Wednesday, December 26, 2018

Robert Maddox-Harle writes


Lost Café



 Particles of melody drift easily
 like veils of ash,
 soft dust,
 settling in napkin folds,
 caught in timeless censure
 where all things are possible.
 Rhetoric raises ripples in the coffee
 as cheeky sparrows swoop,
 claiming the last crumbs of my daily bread.
 The ripples surge to waves,
 my cup jitters in its cradle,
 debate, deliberation swerve
 swiftly from side to side.

 Socrates' spirit stalks this café!
 The thrust and parry
 of well reasoned, well seasoned
 reasons,
 stick like frescoes
 to the blazing black walls.

 Sensuous aromas seductively tease
 the drip, drip of black gold
 pushes anticipation to a pitch
 more searing than the search for truth.
 I ponder how many philosophers
 have caressed the rim with their lips,
 suckled inspiration
 from this porcelain chalice,
 in blazing white.
 Then drifting like the music,
 static for an instant's pose
 they dissolve into the street's reality,
 their exit a frantic gesture
 to reclaim a position in the world.

 But they return, always,
 older, battle weary
 disorientated, demented
 shunned by supermarket trolls
 flogged by incessant neon whips,
 raped by chrome and vinyl style.
 Their minds dragged into bondage
 at multinational fast-food chains
 where coffee is served instant,
 in an instant
 with trans-Atlantic instant speak
 and programmed instant smile,
 where excellence means mediocrity.
 Oh Socrates!
 Was your hemlock draught in vain?

 Image
 The Death of Socrates [detail] -- Jacques Louis David

1 comment:

  1. As sculptor Constantin Brancusi said about Sokrates, the son of a stonecutter, "His eyes are in his ears, his ears are in his eyes." According to Platon, his mentor learned rhetoric from Aspasia of Miletus (the lover of Pericles) and erotics from the priestess Diotima of Mantinea.

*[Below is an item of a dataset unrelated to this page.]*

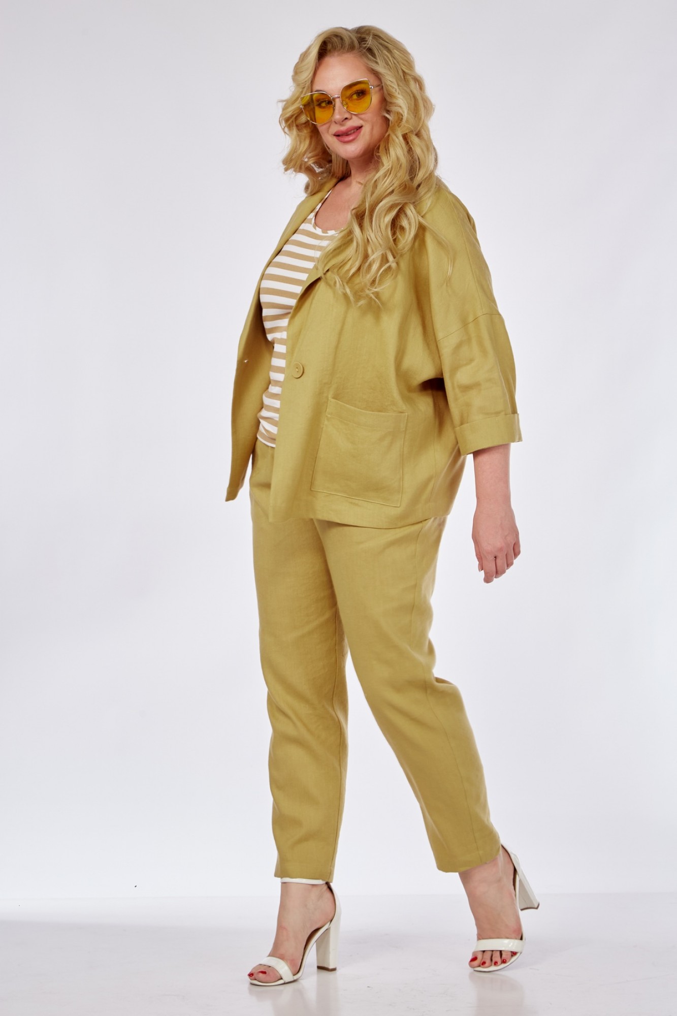 Костюм: лен 53%, вискоза 47%, майка: вискоза 50%, хлопок 50%

At least 3 comic playwrights claimed that Sokrates had helped Euripides write his plays, while Aristophanes himself lampooned the young philosopher in 3 of his comedies, "Clouds" (423 BCE), "Birds" (414 BCE), and "Frogs" (405 BCE), in which he complained about his bad effect on the youth of Athens and his neglect of the poets -- though Platon, who was 25 when the court condemned Sokrates to poison himself, was a noted poet himself; when Sokrates was being tried at 70 for corrupting young people, he claimed that the playwright was more dangerous than the 3 men who brought charges against him because he had poisoned the jurors' minds when they were young. In 404 BCE the dictatorial
    "Thirty" tried to forbid him from speaking to men under 30. At his trial in 399 BCE he insisted that he had never deliberately corrupted young people, but if he had done so unwillingly he should be instructed, not prosecuted. During his defense he frequently harangued the jurors for interrupting his discourse. After his condemnation he suggested that his friends be allowed to pay a fine of 30 minae, which was 6 times his net worth [a mina was worth 70 drachmae; 1 drachma was worth 6 obeloi, the smallest Athenian currency) but the jury sentenced him to death. Sokrates reflected that his end might be either a dreamless sleep or an opportunity to converse in the underworld. A day or so before his sentence was to be carried out he rejected an offer to escape, claiming that to illegally exile himself even after he had declined to do so lawfully would inflict harm on his society, thus confirming the jury's judgment. He spent his last day as usual, engaged in philosophical conversation and argumentation, telling his friends, “If you take my advice, you will give but little thought to Socrates but much more to the truth. If you think that what I say is true, agree with me; if not, oppose it with every argument.” He bathed at the prison’s cistern so the women of his household would be spared from having to wash his corpse. Then he swallowed the hemlock and died.